## WORK INSTRUCTION:
Pictures stay out. Everything else in the listing below gets written out exactly.

## DATA TO EXAMINE:
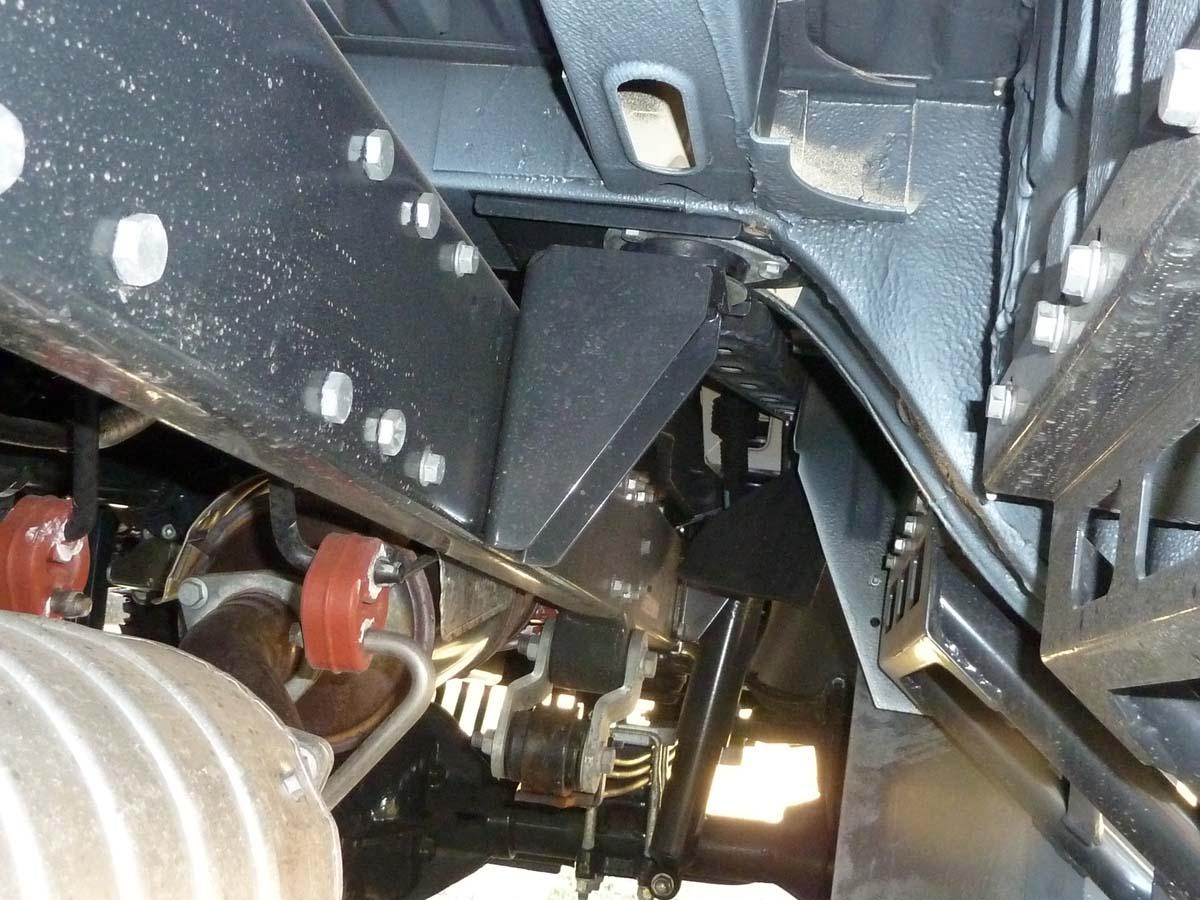 looking under the cab from infront of the right rear wheel, the cab had some good rubber / spring mounts to account for chassis flex.
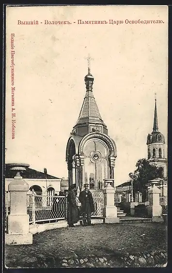 AK Wyschni Wolotschok, Denkmal des Zar-Befreiers mit Kirche im Hintergrund
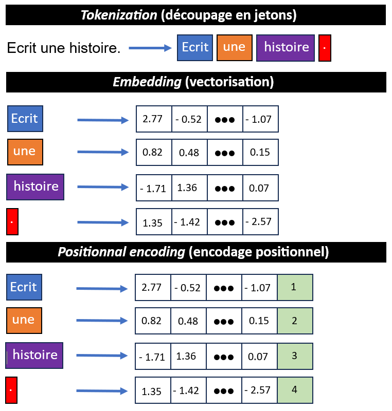 L’architecture du modèle « Transformer » [2] sur laquelle s’appuient les LLM autorégressifs permet de tenir compte du contexte dans lequel figure un mot. Elle fait intervenir préalablement un pré-traitement composé de trois étapes successives :
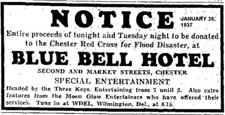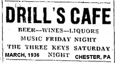 They performed at Drill's Cafe (Chester) on March 14, 1936. The next night, they entertained at a dinner given in the new Mercy Hospital, in Chester.
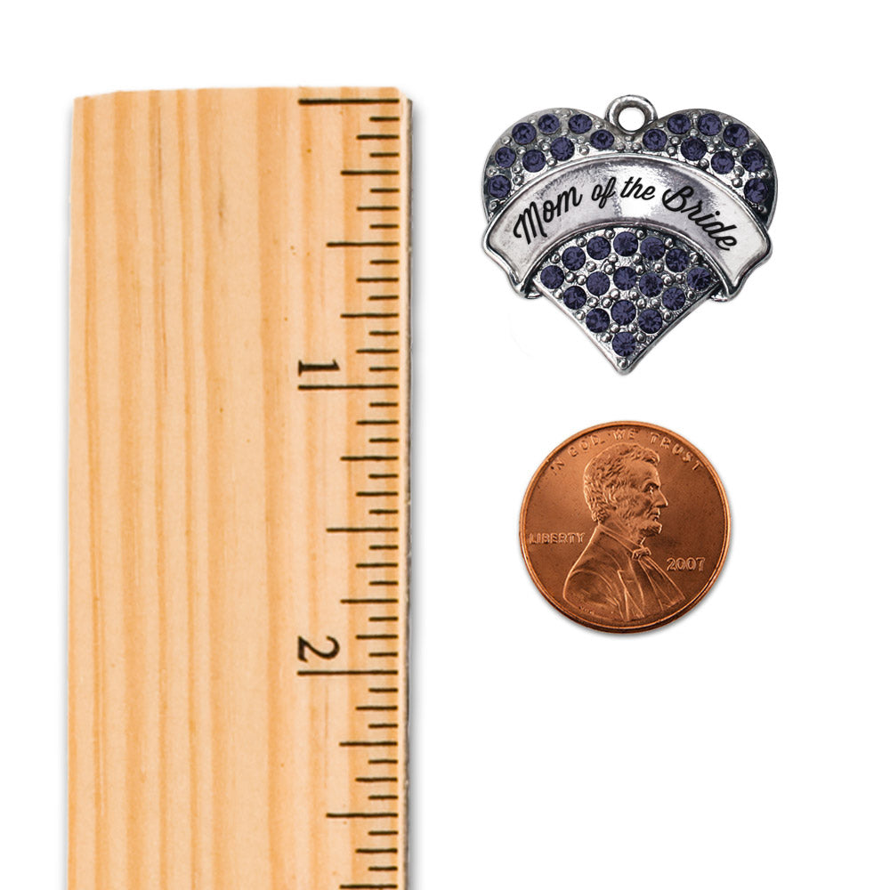 Silver Navy Mom of the Bride Blue Pave Heart Charm Classic Necklace
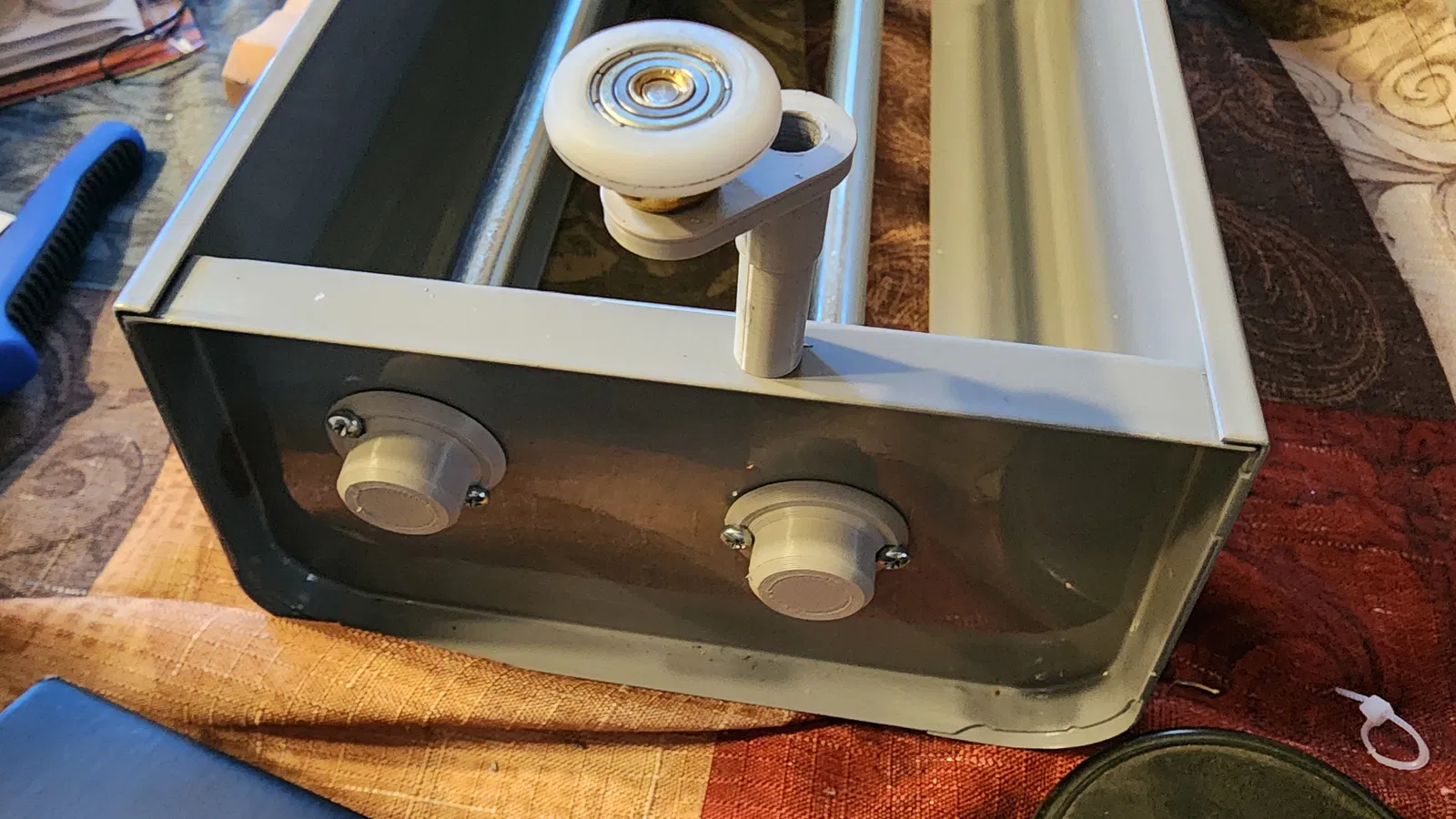 1. Đổi mấy cái chặn thùng (barrel stops) bằng nhựa sang roller wheel. Cách này giúp thùng không còn bị cà/ma sát lên khung.
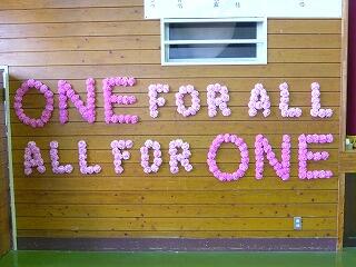 4月の始業式で、校長先生が「ONE For ALL,ALL For ONE」の話をされました。
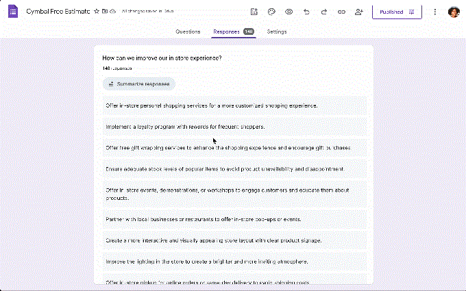 表单里的 Gemini 支持你描述需求(比如一份调查问卷),然后自动生成完整表单,包含合适的问题和结构。它还能帮你优化问题:提供更清晰的措辞、更合理的答案格式,并找出表单里可能导致回答不完整或质量偏低的漏洞,尤其适合收集可落地的数据。此外,随着反馈收集,Gemini 可以实时总结结果,突出趋势和关键结论,你不用再手动分析原始数据。不用导出回复到其他工具分析,在表单内就能直接获得直观洞察。
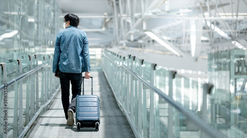 Asian man tourist wearing face mask carrying suitcase luggage walking in airport terminal gate hall. Coronavirus (COVID-19) pandemic prevention when travel. Health awareness and social distancing
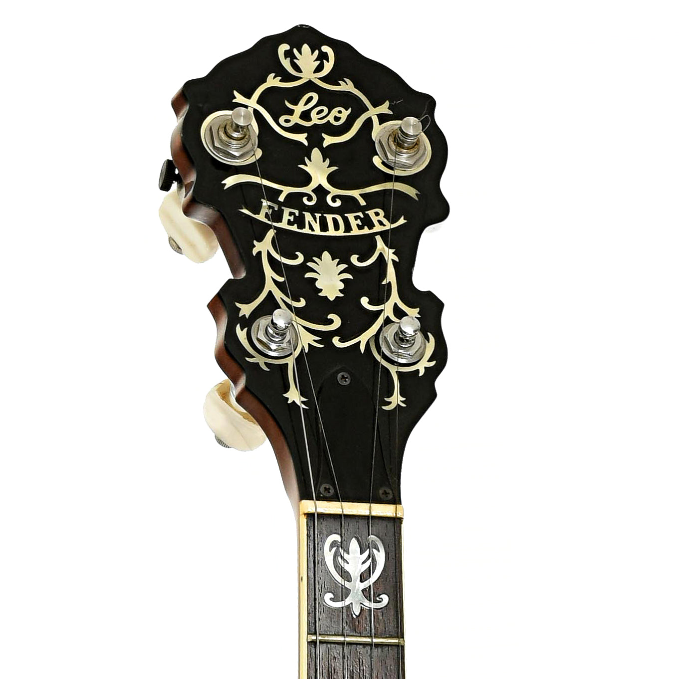 - Black peghead overlay features floral and logo inlays
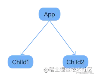 为了探究父子组件以及不同子组件之间生命周期函数的执行顺序,我初始化了三个组件分别是父组件 App、子组件 Child1、子组件 Child2。它们的结构如下:

## RESPONSE BELOW:
 looking under the cab from infront of the right rear wheel, the cab had some good rubber / spring mounts to account for chassis flex.
 AK Wyschni Wolotschok, Denkmal des Zar-Befreiers mit Kirche im Hintergrund
 L’architecture du modèle « Transformer » [2] sur laquelle s’appuient les LLM autorégressifs permet de tenir compte du contexte dans lequel figure un mot. Elle fait intervenir préalablement un pré-traitement composé de trois étapes successives :
 They performed at Drill's Cafe (Chester) on March 14, 1936. The next night, they entertained at a dinner given in the new Mercy Hospital, in Chester.
 Silver Navy Mom of the Bride Blue Pave Heart Charm Classic Necklace
 1. Đổi mấy cái chặn thùng (barrel stops) bằng nhựa sang roller wheel. Cách này giúp thùng không còn bị cà/ma sát lên khung.
 4月の始業式で、校長先生が「ONE For ALL,ALL For ONE」の話をされました。
 表单里的 Gemini 支持你描述需求(比如一份调查问卷),然后自动生成完整表单,包含合适的问题和结构。它还能帮你优化问题:提供更清晰的措辞、更合理的答案格式,并找出表单里可能导致回答不完整或质量偏低的漏洞,尤其适合收集可落地的数据。此外,随着反馈收集,Gemini 可以实时总结结果,突出趋势和关键结论,你不用再手动分析原始数据。不用导出回复到其他工具分析,在表单内就能直接获得直观洞察。
 Asian man tourist wearing face mask carrying suitcase luggage walking in airport terminal gate hall. Coronavirus (COVID-19) pandemic prevention when travel. Health awareness and social distancing
 - Black peghead overlay features floral and logo inlays
 为了探究父子组件以及不同子组件之间生命周期函数的执行顺序,我初始化了三个组件分别是父组件 App、子组件 Child1、子组件 Child2。它们的结构如下:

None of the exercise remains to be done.